> Records for the exercise

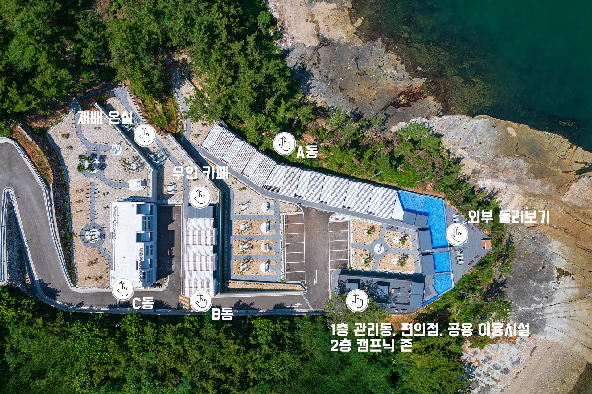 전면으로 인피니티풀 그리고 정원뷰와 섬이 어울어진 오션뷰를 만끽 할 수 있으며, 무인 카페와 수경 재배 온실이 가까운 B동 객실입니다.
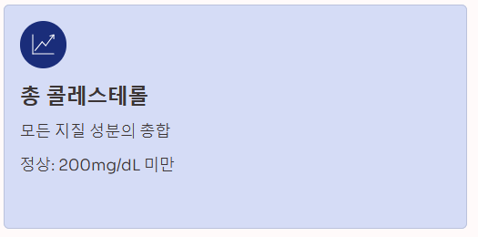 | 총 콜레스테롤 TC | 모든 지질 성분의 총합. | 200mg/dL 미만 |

---

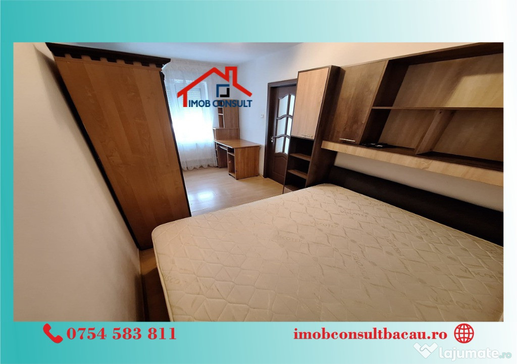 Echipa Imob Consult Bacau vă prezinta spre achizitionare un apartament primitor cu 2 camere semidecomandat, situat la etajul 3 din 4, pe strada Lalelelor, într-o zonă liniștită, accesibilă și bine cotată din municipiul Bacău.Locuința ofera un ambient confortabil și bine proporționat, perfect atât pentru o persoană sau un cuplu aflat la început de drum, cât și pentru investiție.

> What is being asked
Make an exact copy of the lines above, beginning with the line with "전면으로 인피니티풀 그리고" and ending with the line with "200mg/dL 미만 |", and keep the pictures out of it.

> Exercise result
 전면으로 인피니티풀 그리고 정원뷰와 섬이 어울어진 오션뷰를 만끽 할 수 있으며, 무인 카페와 수경 재배 온실이 가까운 B동 객실입니다.
 | 총 콜레스테롤 TC | 모든 지질 성분의 총합. | 200mg/dL 미만 |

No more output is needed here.